# Infinito CV disc



## vic bastige (Jan 22, 2004)

Well,

I went to a local dealer to check out the hype. The frame is beautiful as you would expect and the ride/geometry spoke to me immediately. I rarely splurge on myself, but I just did. Now the wait as the **expected** delivery date is late April. I have to say that Bianchi's policy of absolutely NO substitutions on a bike of this calibre surprised me....and I don't mean components per se, I mean things like stem length, Bar width, cassette ratio etc. I know the bike will be great, really my only concern/curiosity are the Vision Metron wheel set; hope they live up to recent positive reviews..I will have quality photos and review when the ride arrives.


----------



## matreid (Jul 13, 2010)

Where are you located? That's the very bike I want to look at but haven't been able to find a single Infinito CV to ride.


----------



## vic bastige (Jan 22, 2004)

Florida


----------



## wrshultz (Feb 10, 2005)

*Component changing*

I've found that changes like cassette size, stem length, handlebar width, etc. are negotiated at the local bike shop level. Most good shops will work with you to change out components to make your bike fit. You may have to pay a little extra for cassette swaps, saddle brand and model changes, different wheels, different handlebar shapes and construction. I'm looking hard at the Infinito CV Disc. If I purchase one, I'll probably switch out the rear derailleur for the medium cage length, and cassette to the 11-32. I'll expect to pay a little extra for these changes. I have the same questions about the Vision wheels. Have you confirmed the specs on the wheels? Early on, Bianchi listed the Vison Metron 40 rims paired with the Shimano HB-CX75 hubs. Is this still accurate? Thanks, Bill


----------



## vic bastige (Jan 22, 2004)

By all accounts, the specs on the wheel set hold true (Bianchi told my dealer as much). I am almost an "off the shelf" measurement, so a 120mm stem and a 42mm bar are probably ok, just surprised that Bianchi would not allow for some basic size changes at order...particularly because of the wait time.


----------



## wrshultz (Feb 10, 2005)

*Bianchi Infinito CV Disc*



vic bastige said:


> By all accounts, the specs on the wheel set hold true (Bianchi told my dealer as much).

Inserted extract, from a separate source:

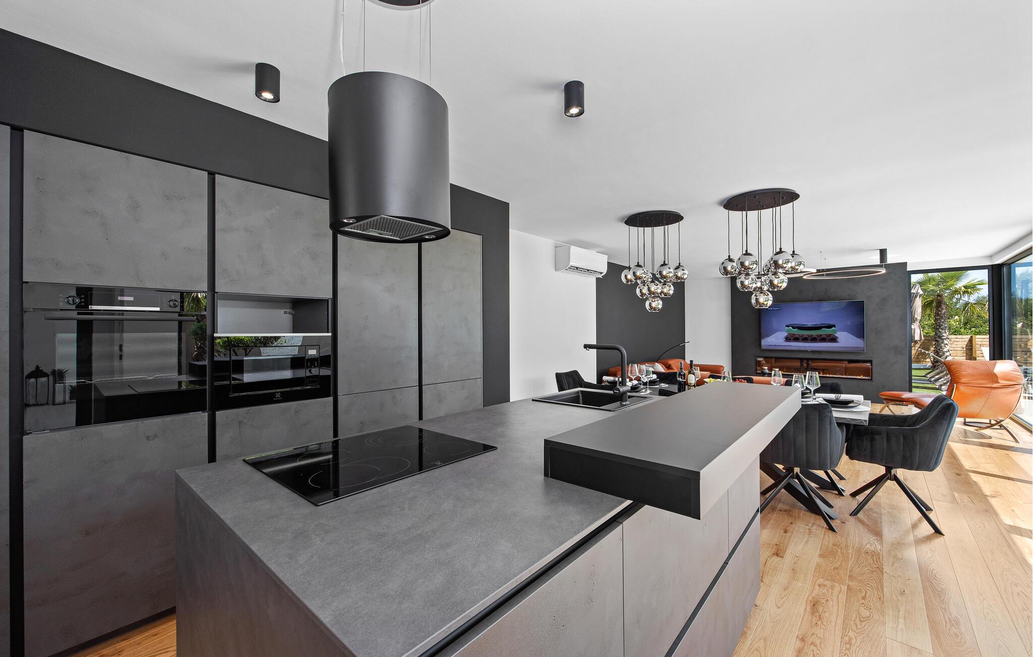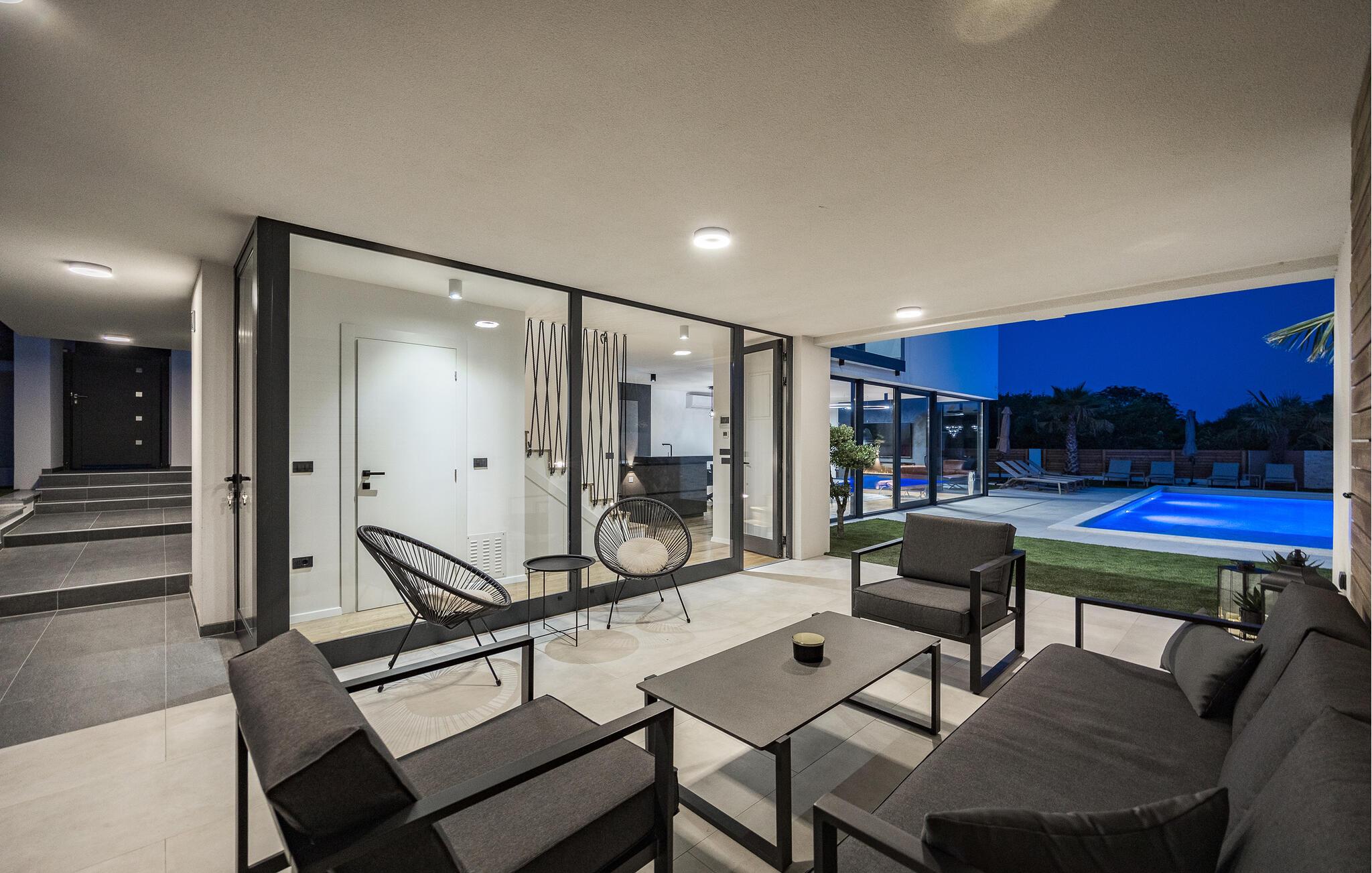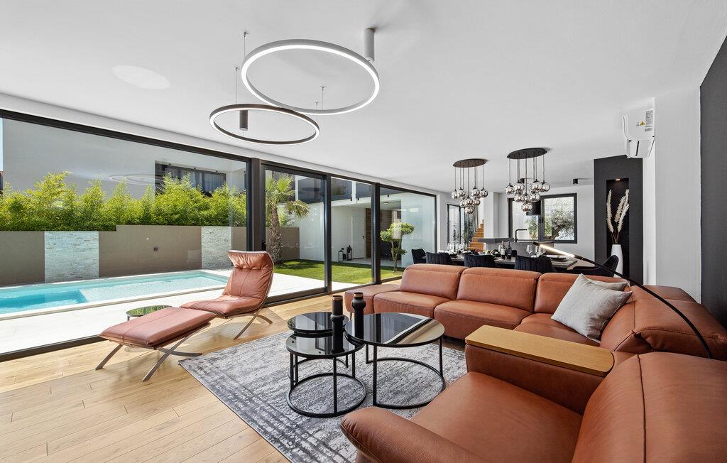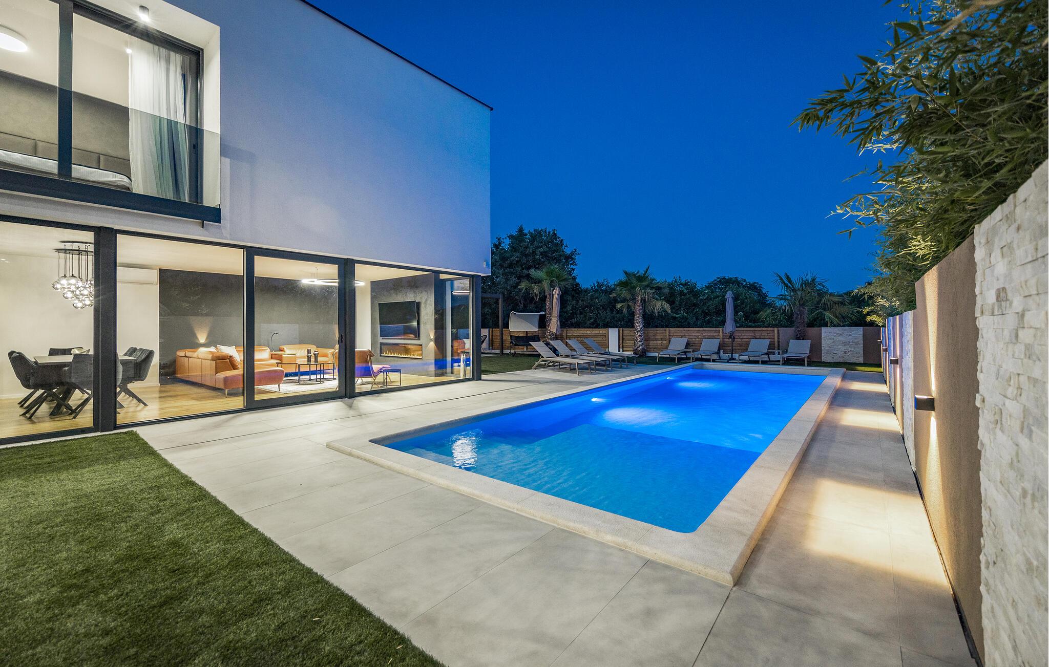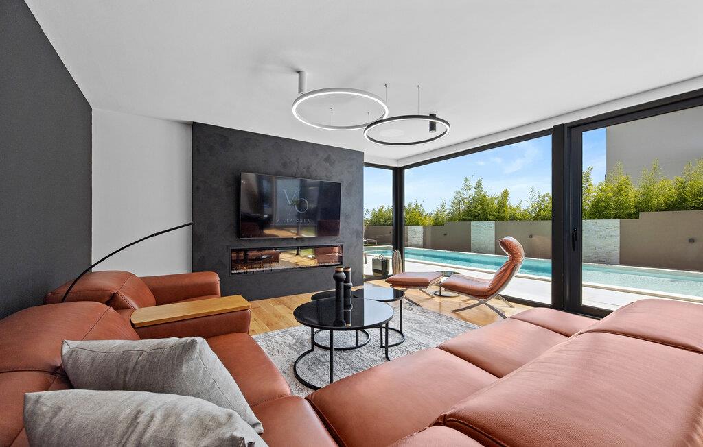 Dette moderne designerhjem vil glæde jer med sin enestående arkitektur, elegante møbler og adskillige faciliteter. Hold at tilberede lækre måltider i køkkenet af høj kvalitet med et glas vin, tænd brændeovnen og tag plads i den stilfulde spiseplads. Tilbring afslappende stunder i saunaen og glæd jer til afslappende filmaftener i den store stue, hvor rummelige vinduesfronter giver udsigt til den stemningsfuldt oplyste pool.
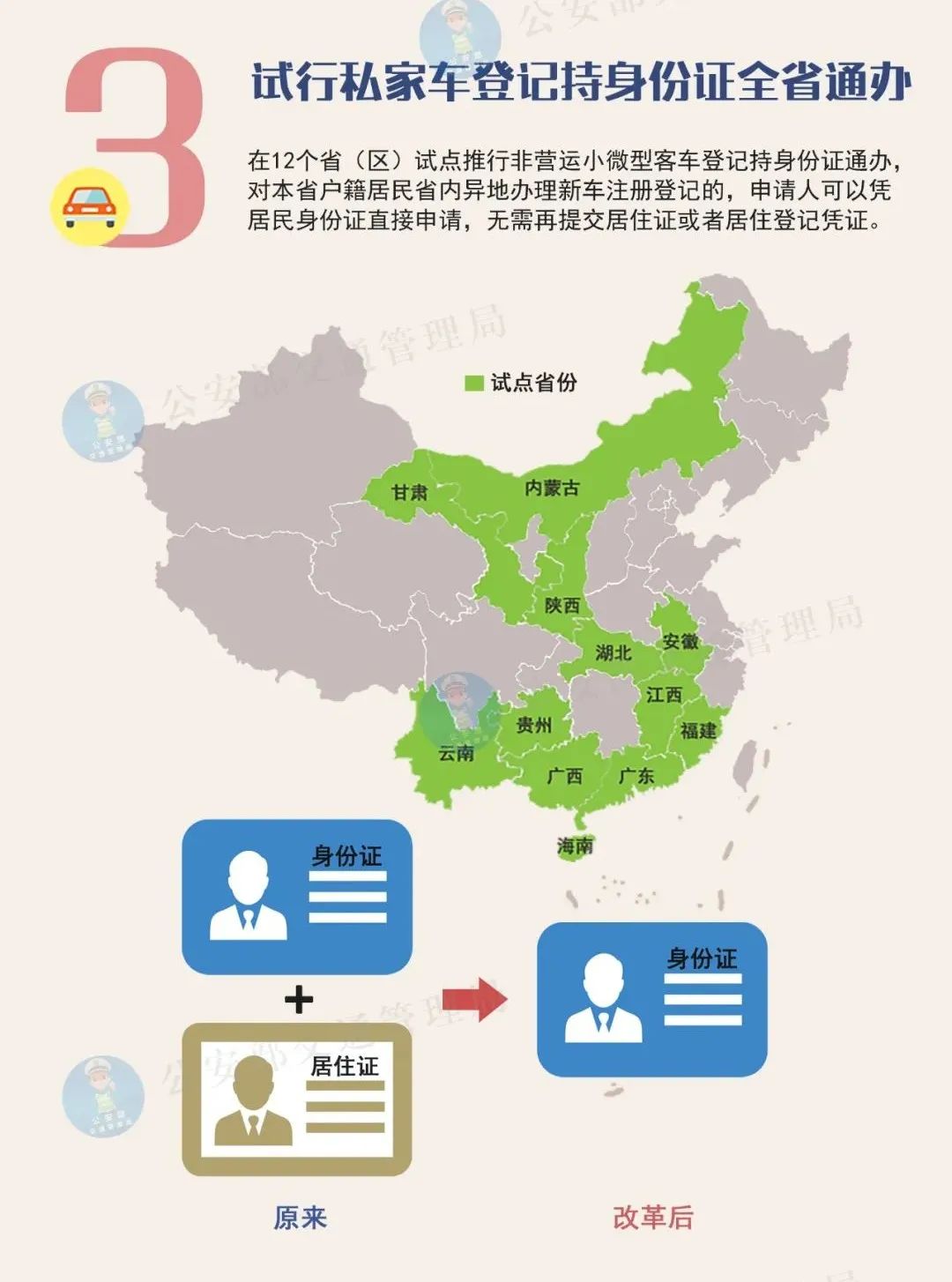 在12個(gè)省(區(qū))試點(diǎn)推行非營(yíng)運(yùn)小微型客車登記持身份證通辦,對(duì)本省戶籍居民省內(nèi)異地辦理新車注冊(cè)登記的,申請(qǐng)人可以憑居民身份證直接申請(qǐng),無(wú)需再提交居住證或者居住登記憑證。

I am almost an "off the shelf" measurement, so a 120mm stem and a 42mm bar are probably ok, just surprised that Bianchi would not allow for some basic size changes at order...particularly because of the wait time.


Did the dealer know what type (brand) of BB adapter Bianchi was using to adapt the PF30 frame to the Shimano crank?


----------



## vic bastige (Jan 22, 2004)

did not say.


----------